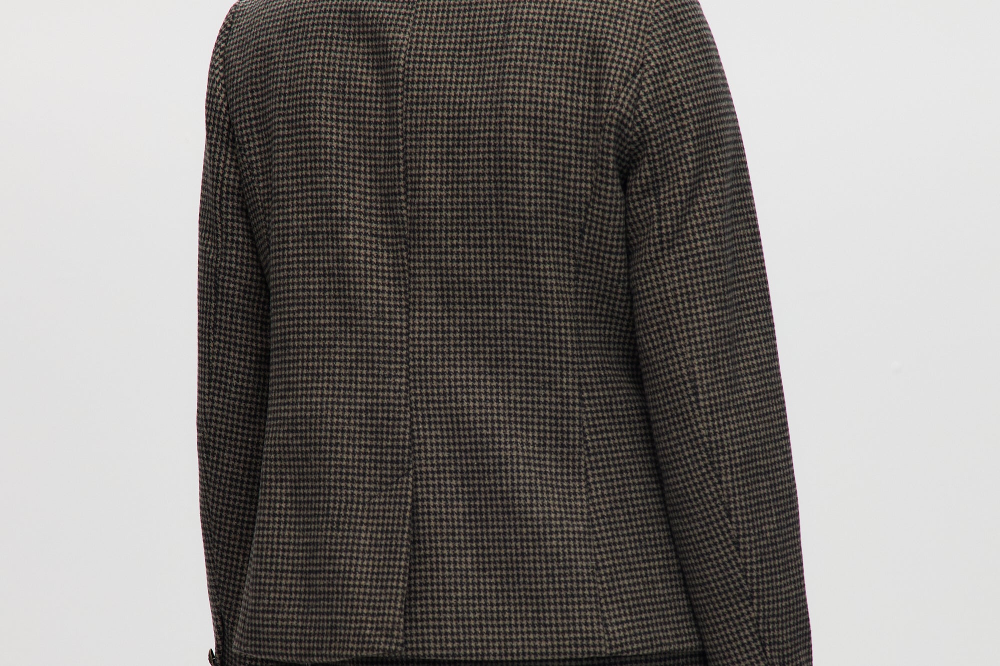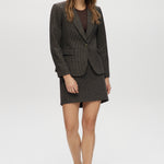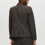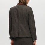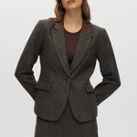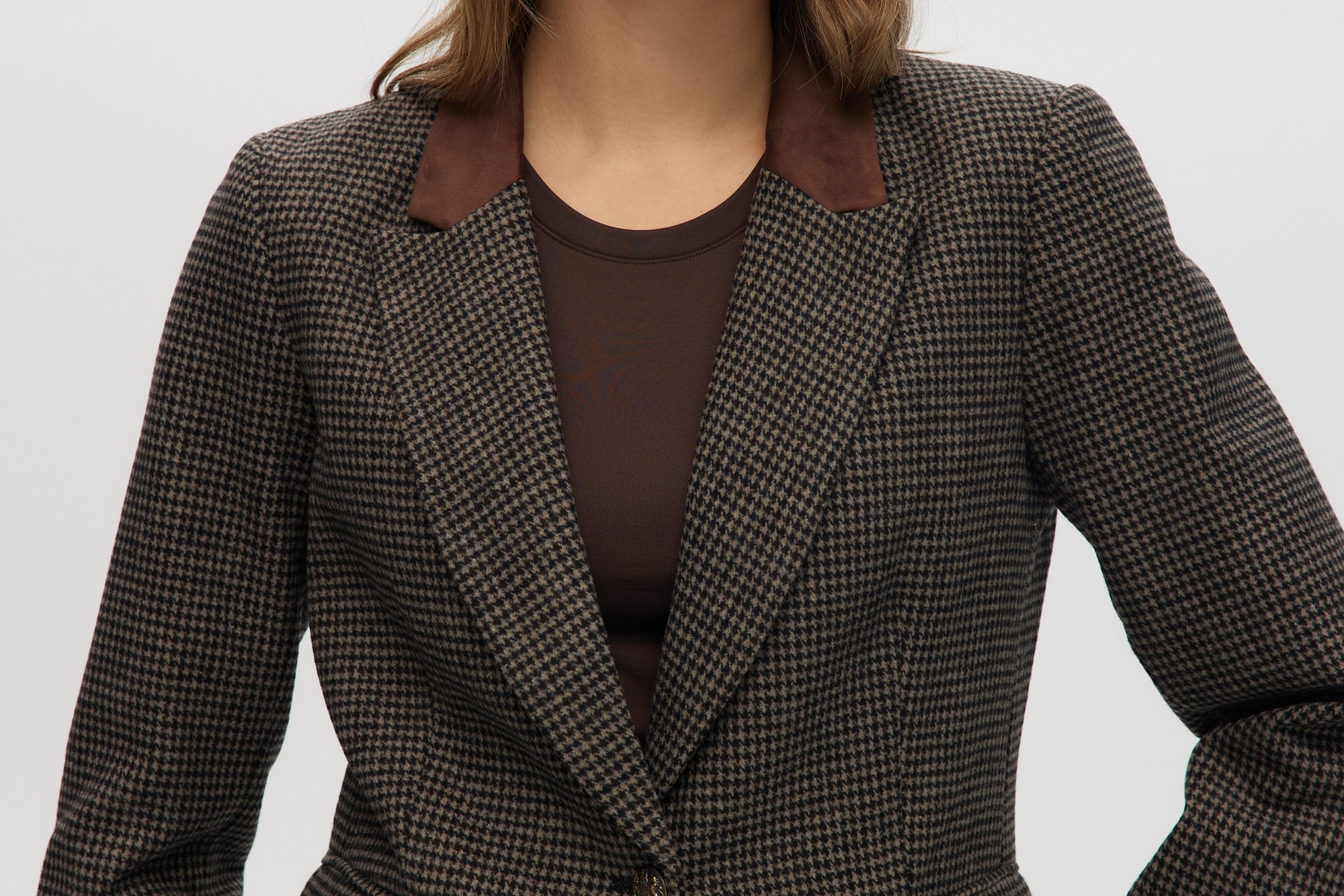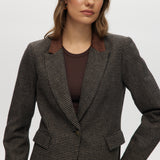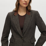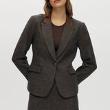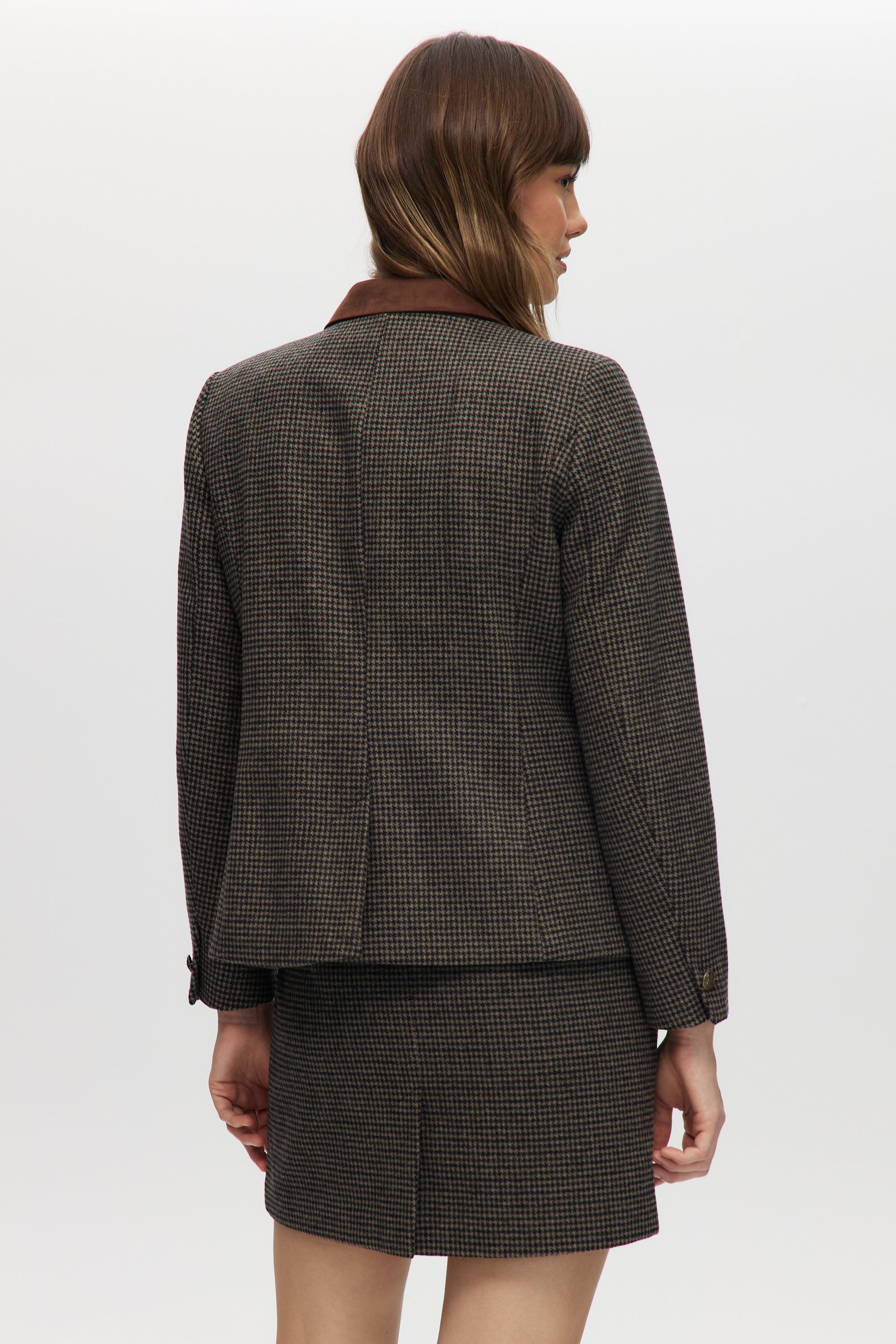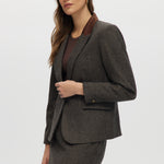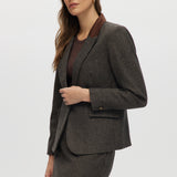 This modern-fit blazer combines clean tailoring with subtle texture for a polished yet wearable look. Designed in a brushed woven fabric with charcoal and black check pattern, it features long sleeves, a notched collar, and a center-front button closure. Tonal dark brown detailing at the collar and pockets adds understated contrast. Fully lined for a smooth fit, its a wardrobe staple for effortless coordinationespecially when paired with its matching high-rise skirt, sold separately.
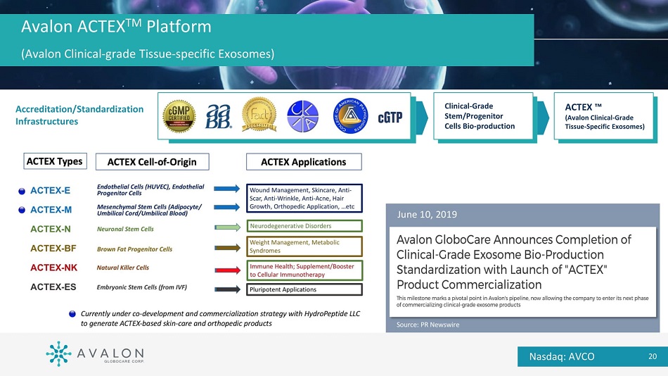 Avalon ACTEX TM Platform (Avalon Clinical - grade Tissue - specific Exosomes) Clinical - Grade Stem/Progenitor Cells Bio - production ACTEX Ρ (Avalon Clinical - Grade Tissue - Specific Exosomes) Accreditation/Standardization Infrastructures Nasdaq: AVCO 20
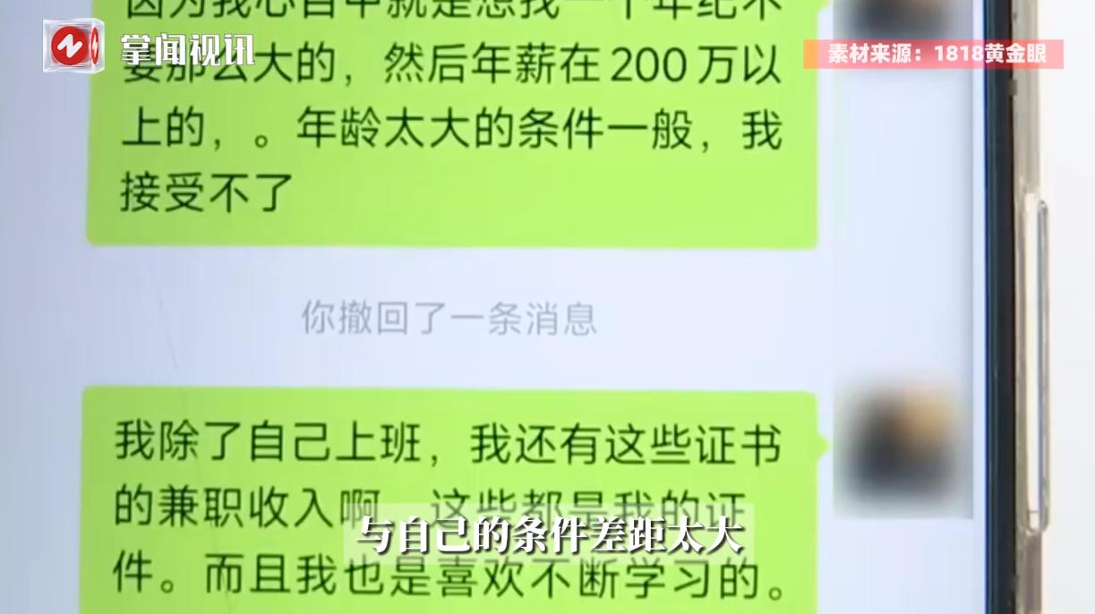 近日,浙江杭州,一27岁女子为了能找到心仪对象,在婚介公司花了60000元,没想到公司却给她介绍50多岁的男性,这让她无法接受,要求婚介公司退钱,可公司却表示女子的要求是200万以上年薪,年轻一点的男子要求都很高,女子反而可能匹配不上! 麻烦各位读者点一下右上角的“关注”,留下您的精彩评论与大家一同探讨,感谢您的强烈支持! 杭州一位事业有成的单身女性。她选择婚介公司,既是想为自己的感情生活增添一份确定性,也希望借助专业资源,找到理想中的人生伴侣。 她的标准很明确:对方年龄不能太大,最好长相过得去,在本地有房有车,年收入还要达到两百万甚至更高。 为了这份“美好期许”,她毫不犹豫地交出了六万多元服务费,合同上白纸黑字,承诺三个月内必须介绍三位人选。 可现实总是比想象骨感得多。花了高价,等来的却是一次次失望。女子发现,婚介公司安排见面的男士,年龄偏大,条件远不及自己的预期。 甚至有的男士只需交几千元会费,和她高昂的投入形成鲜明对比。一次偶然的聊天,她发现某男士每次见面只需交1500元,顿时怀疑对方是“婚托”,这让她对婚介公司的诚信产生了极大质疑。 她不是没有努力配合,也坦言自己择偶标准高,但在几次相亲下来,发现现实与宣传严重不符。甚至有人自报年薪四百万,深入了解后却不过一百万出头。 婚介公司则解释,高收入、年轻且有房有车的男性,本身就不愁找对象,他们择偶标准也很高。面对女子的退费要求,婚介公司除了劝说继续匹配,态度坚决拒绝退款。 双方各执一词,矛盾一触即发。女子觉得自己是被骗了,钱花了,心也伤了,既没找到理想伴侣,连服务承诺都成了一纸空谈。 婚介公司则反复强调,女子的标准过高,市场资源有限,哪怕他们投入再大,也不能保证每一位客户都能如愿以偿。 这起纠纷在社交网络上持续发酵。有人觉得,女子本身条件不差,要求高一点很正常,毕竟谁不想追求更好的生活?也有人认为,市场上高净值单身男士本就稀缺,这样的人有资源和圈子,未必会靠婚介公司找对象。 甚至还有网友犀利调侃:“真正年薪几百万的优质男士,反而挑对象更苛刻,你拿什么和他们谈条件?”但更多人关心的是,婚介行业到底有没有虚假宣传、涉嫌“婚托”欺诈? 法律人士也给出了专业解读。只要合同明确约定了服务内容和标准,婚介公司就有义务兑现承诺。 如果介绍对象与合同明显不符,或者虚假宣传、存在婚托行为,消费者完全有权要求解除合同、讨回费用。但另一方面,婚姻本就是高度不确定的事情,择偶双方的主观期望和现实匹配度永远存在落差。即使婚介公司尽力筛选,也无法保证每一次介绍都能让人满意。 这场风波其实映射出一个更深层的问题:我们在追求爱情时,究竟该如何定位自己的期望?高价买服务能否买到真爱?是婚介公司服务能力有限,还是消费者期望本就过高?当金钱和情感交织,婚恋市场的信任感又该如何守护? 信源:《“要求年龄差10岁以内”,27岁女子交6万元相亲被介绍50岁对象,机构回应》——1818黄金眼
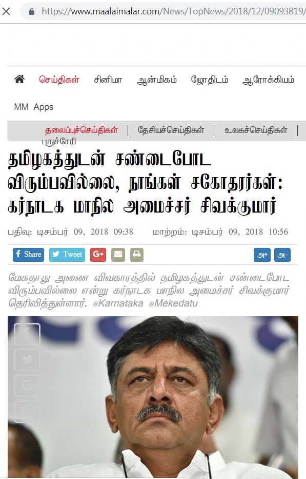 It is a ploy by stalin that he will discuss Mekadatu issue with Cong highcommand. People know DMK very well. that it is the most opportunic party and the alliance with Congress is to win more MP seats and if by chance cong comes back to power DMK will certainly bypass Mekadatu issue , and will try to secure PLUM portfolios of ministries at center to add more money to its already swollen coffers.
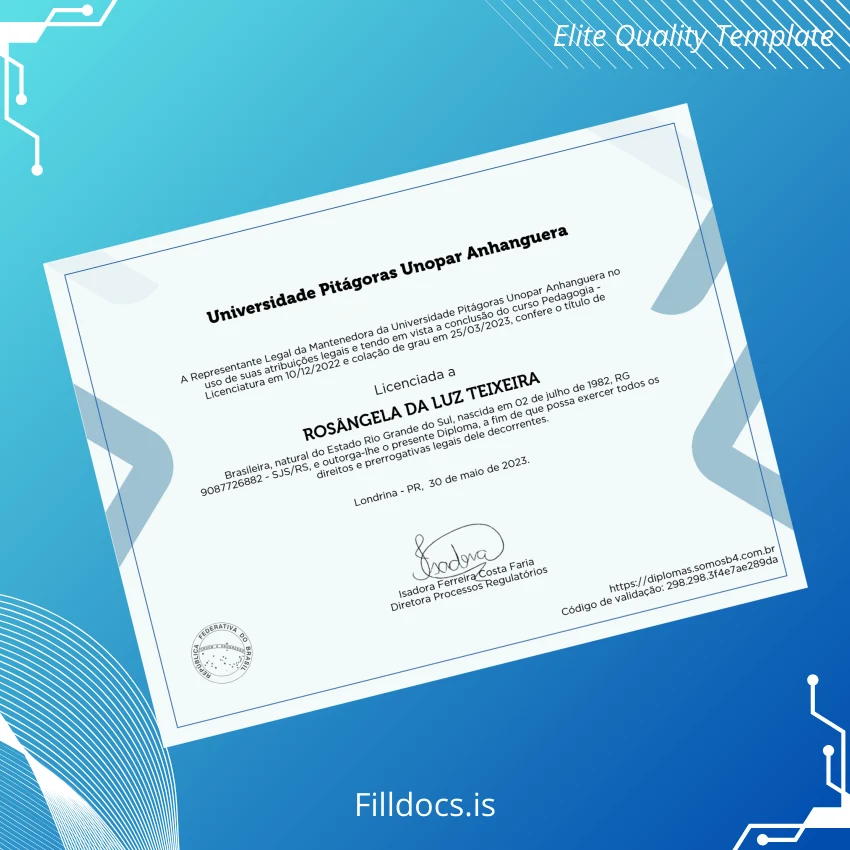 This template is a fully editable, high-resolution bachelor’s degree diploma tailored specifically for Brazil University Pitágoras, Unopar, and Anhanguera institutions, designed for the Pedagogy faculty. It serves as a precise replacement diploma template that allows users to insert legitimate details directly into the document, enabling quick generation of professional diplomas without loss of authenticity or quality.
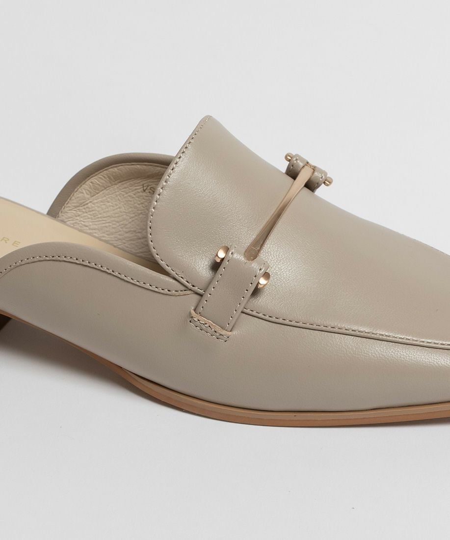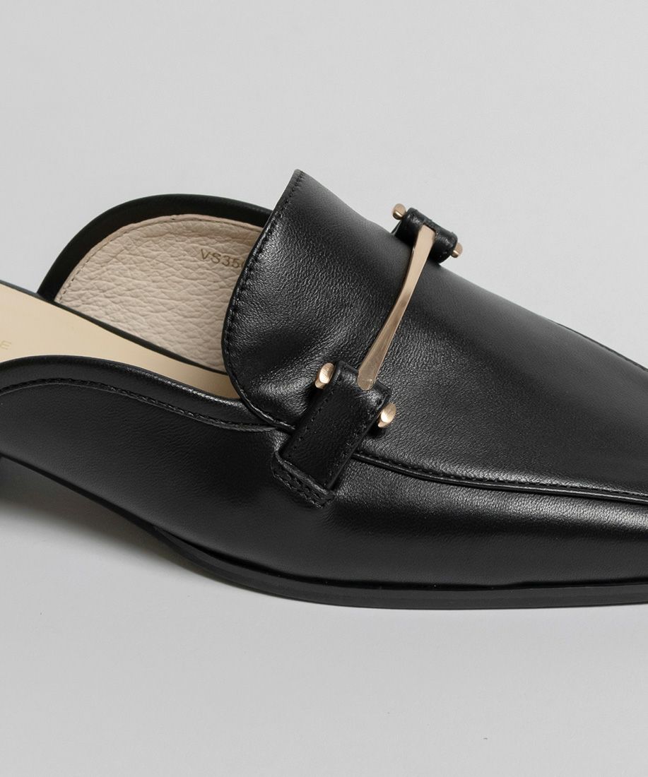 クラシックなローファーとミュールという対称的な要素を組み合わせたシューズ。
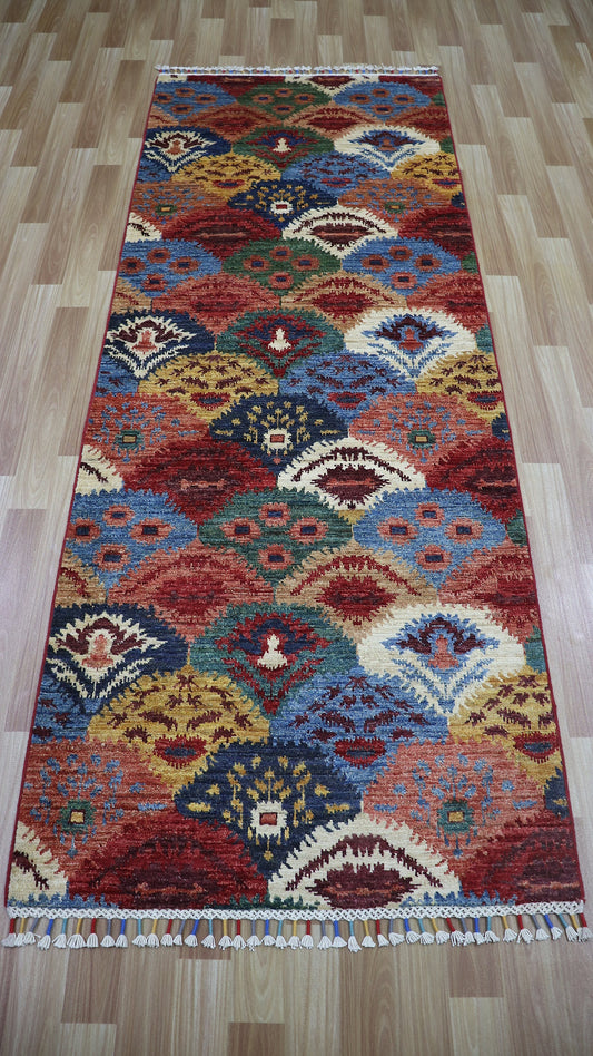 8 Ft Oriental Ikat Runner Rug, Red Afghan Hand Knotted Wool Traditional Rectangle Carpet, Entryway Rug, Hallway Rug, Kitchen Rug, Foyer Rug
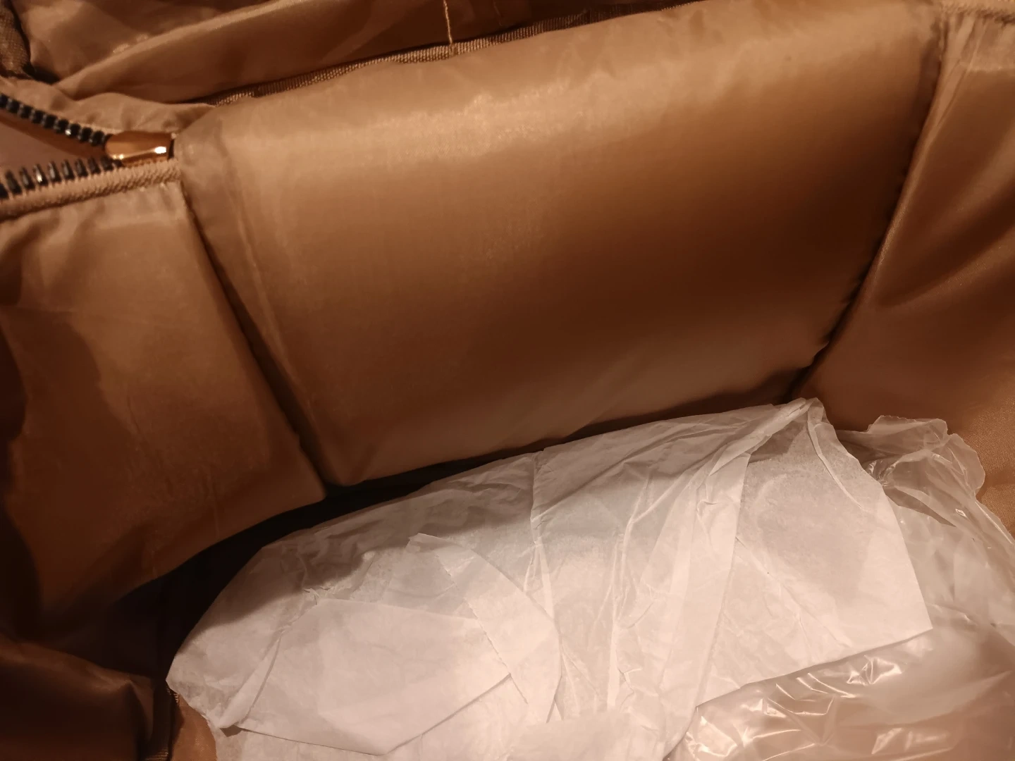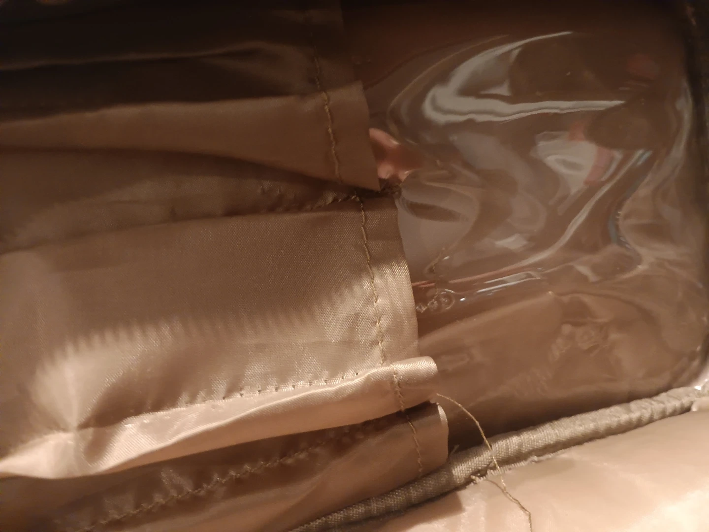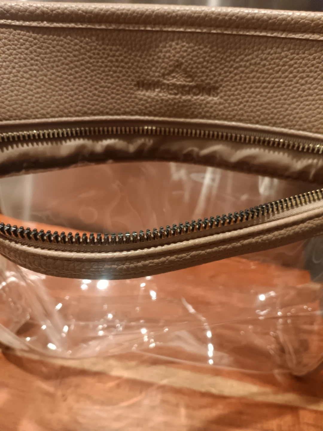 This Impressions toiletry bag is a light tan color and made of faux leather. It features a main compartment and an interior clear pouch with its own zipper. It's a great size for travel or everyday use!

▬▬▬▬▬▬

- [EXERCISE DIRECTIONS] Print exactly the lines above that run from the one with "This template is" to the one with "クラシックなローファーとミュールという対称的な要素を組み合わせたシューズ。", both included. No pictures.

- [RESPONSE TO THE TASK]
 This template is a fully editable, high-resolution bachelor’s degree diploma tailored specifically for Brazil University Pitágoras, Unopar, and Anhanguera institutions, designed for the Pedagogy faculty. It serves as a precise replacement diploma template that allows users to insert legitimate details directly into the document, enabling quick generation of professional diplomas without loss of authenticity or quality.
 クラシックなローファーとミュールという対称的な要素を組み合わせたシューズ。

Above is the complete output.